Duke University School of Nursing Transitions to 21st Century Health Care Practices
Understanding that health care practices need to cater to a 21st century environment, the Duke University School of Nursing is seven years into the mission: building a nursing workforce that corresponds to the ever-changing demographic in this country. Taking notice of Duke’s desire to create a diversified nursing field, the New Careers in Nursing program rewarded the school, along with 57 others, in its first round of scholarship funding.
After receiving the grants, the Duke University School of Nursing’s accelerated program has used the funding to advance the matriculation of underrepresented groups in nursing. This past year, Duke was able to increase its matriculation pool by ten percent. The Assistant Dean for Undergraduate Education at Duke, Dr.
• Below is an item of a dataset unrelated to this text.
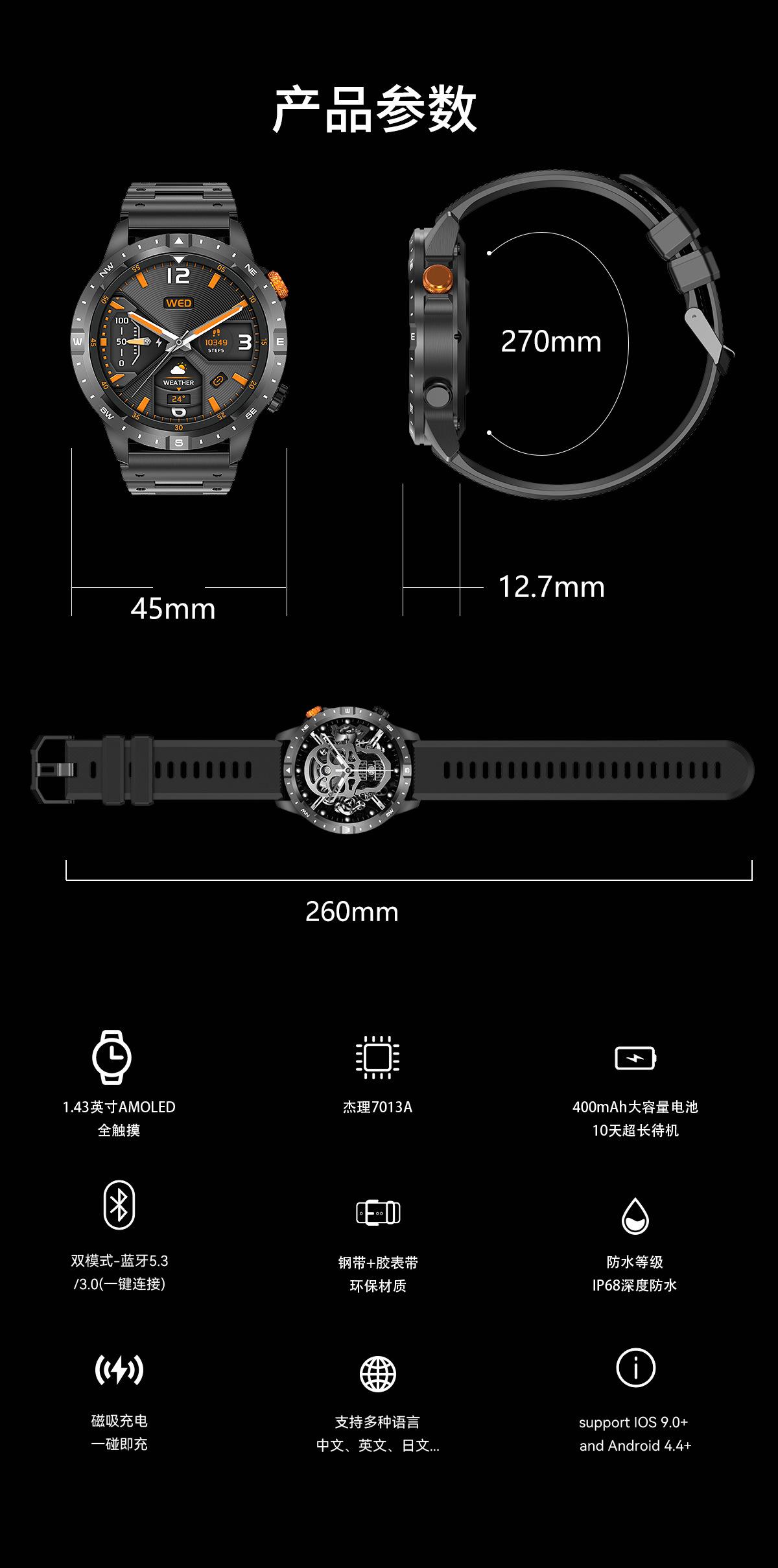 Nuevo Reloj Inteligente Amoled Transfronterizo Resistente al Agua Ip67 Llamada Bluetooth Larga Duración de Batería Reloj Deportivo Ak59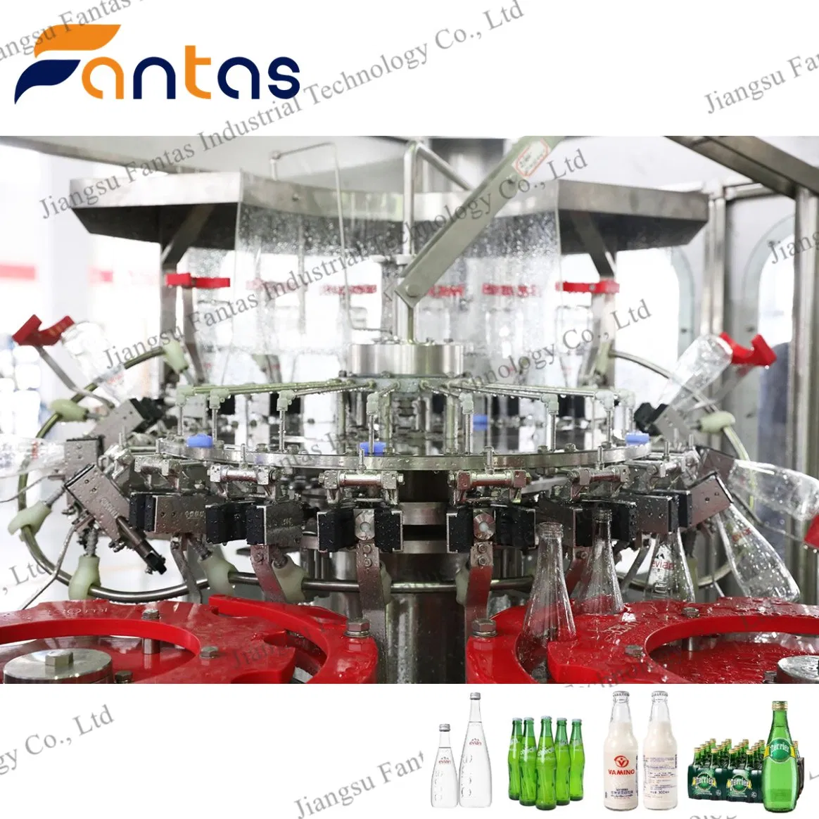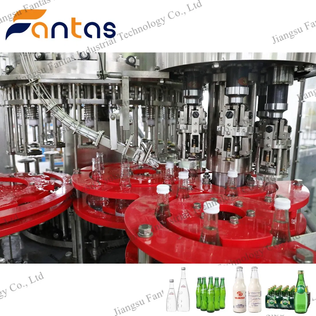 Our company introduces German technology, and uses the principle of equal pressure filling to design and manufacture by ourselves, so as to fill the liquid into the washed bottles sent by the bottle washing machine.The filling valve adopts constant pressure mechanical valve, which makes the filling quick and sensitive, with high precision of filling liquid level.It has the ability of vacuumizing, so that the oxygen content of the material can reach the minimum in the filling process. With double control of vacuum channel, filling valve has function of stopping vacuuming when there is no bottle.With the help of the guide rod, the automatic cylinder lifts the bottle, which can effectively form the seal between the bottle mouth and the filling valve.Due to the quality problem of glass bottle, the equipment is equipped with bottle explosion protection device. And there is a broken bottle washing, so as not to affect the next bottle.It has perfect CIP cleaning function.According to the different height of the bottle, it can achieve automatic lifting, with high and low position safety protection.The main drive adopts gear drive. It is also called open combination drive, with high efficiency, low noise, long service life, convenient maintenance and sufficient lubrication. Adopt frequency converter to control the speed of the main motor of the machine. And the machine adopts stepless frequency conversion to adjust speed.The conveying power of the bottle feeding section is provided by the main motor through the gear.The structure of the bottle guiding system is simple, and it can be changed quickly and conveniently according to the bottle type. The whole machine adopts the structure of supporting bottle bottom for conveying.The whole machine is controlled automatically by PLC. Faultsare displayed online, such as bottle blocking, cover lacking, etc.It has many safety protection functions. It won't open the valve and cover cap when there is no bottle. It will stop when there is no cap or when there is situation of door opened.The material in the filling cylinder is automatically controlled. The liquid level height is detected by the liquid level sensor to ensure the stability of liquid level and the reliability of filling.The key parts and electrical components of this machine are imported products.

Michael Relf was involved in last year’s New Careers in Nursing scholarship selection, a process which enabled seven additional students to join the nursing program- all of whom have gone on to exceed expectations and excel in the four-semester program at Duke. With a changing demography in the United States, Dr. Relf believes that a diverse and unique nursing workforce will provide the best science-based care around our nation.
One of the seven scholarship recipients at Duke, Maggie Winfall describes her opportunity with the program as a “blessing.” A thirty two year-old African American mother of two, Winfall left medical school after three years and a self realization that it wasn’t suited for her. But her growing interest in the health field remained strong. A nurturing spirit and hands-on attitude were characteristics she believed would equip her well for the nursing profession- a career she was attracted to because of the endless opportunities and direct patient care.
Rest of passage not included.